Many assume that a spouse’s affair, physical or emotional abuse or other poor conduct will result in a more favourable financial settlement. But that’s rarely true. Spousal behaviour is only relevant where misconduct is so serious that it would be unfair for the Court to ignore it.
Generally, serious misconduct falls into one of two categories – personal or financial.
To be considered a relevant factor, personal misconduct must be exceptionally serious. But even then, it may not result in the Court penalising the ‘guilty’ party financially. So, when domestic violence is taken into consideration, it’s usually only because the behaviour has directly impacted the victim’s financial position.
For example, in H v H (2005), Mr H had previously been convicted of attempting to murder Mrs H. As a result of the injuries she sustained in the attack, Mrs H could not return to work. In the subsequent divorce financial proceedings, the Court considered that Mrs H’s employment situation was Mr H’s fault.
Financial misconduct is the more common type of misconduct the Court is asked to consider. Cases of financial misconduct inevitably involve a party intentionally or recklessly taking steps to reduce the available financial pot.
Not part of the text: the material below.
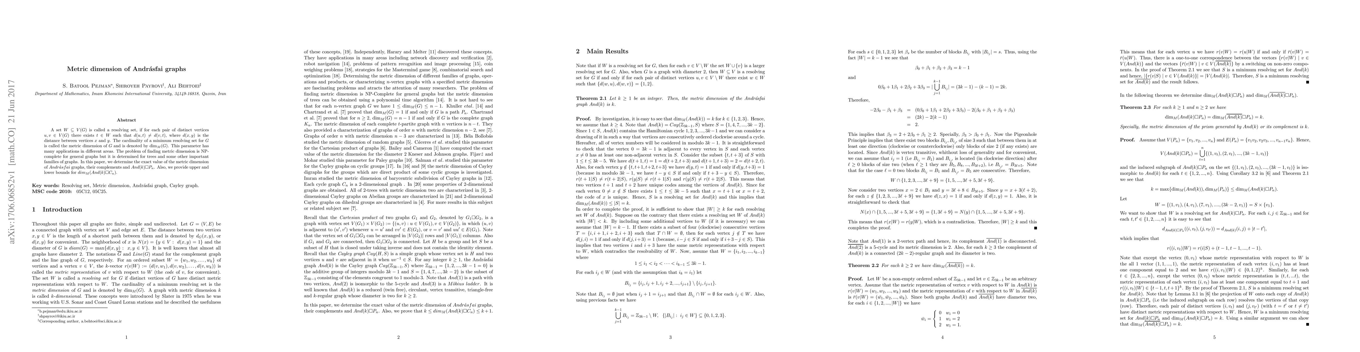 The paper presents a detailed proof of the metric dimension for Andrasfai graphs and their Cartesian products with paths and cycles, extending previous work on Cayley graphs.

For example, in the case of Norris v Norris (2002), the husband spent large sums on purchasing a Ferrari and taking expensive holidays with his new partner.
In such cases, the other party usually asks the Court to ‘add back’ the funds dissipated. But even in seemingly clear and serious misconduct cases, there is no guarantee the Court will do so. In the case of MAP v MFP (2015), the wife argued that £1.5 million should be added back. There was no disputing that this was the amount the husband had spent on cocaine and various nefarious activities. However, the judge ruled that the husband’s motivation was not the deliberate dissipation of funds to thwart his wife’s financial claim, but instead the result of his own “demons”.
Conduct in the proceedings
It’s also important to remember that the Court can take into consideration a party’s poor conduct during the proceedings, referred to as ‘litigation misconduct’. Typically, it involves deliberately obstructing the proceedings by failing to cooperate with the Court’s timetable. Litigation misconduct is penalised by an order that the obstructive party contribute (or contribute more) to the other party’s costs.
However, raising conduct arguments should be limited to cases of serious misconduct. Doing so at other times can result in the Court penalising the complaining party.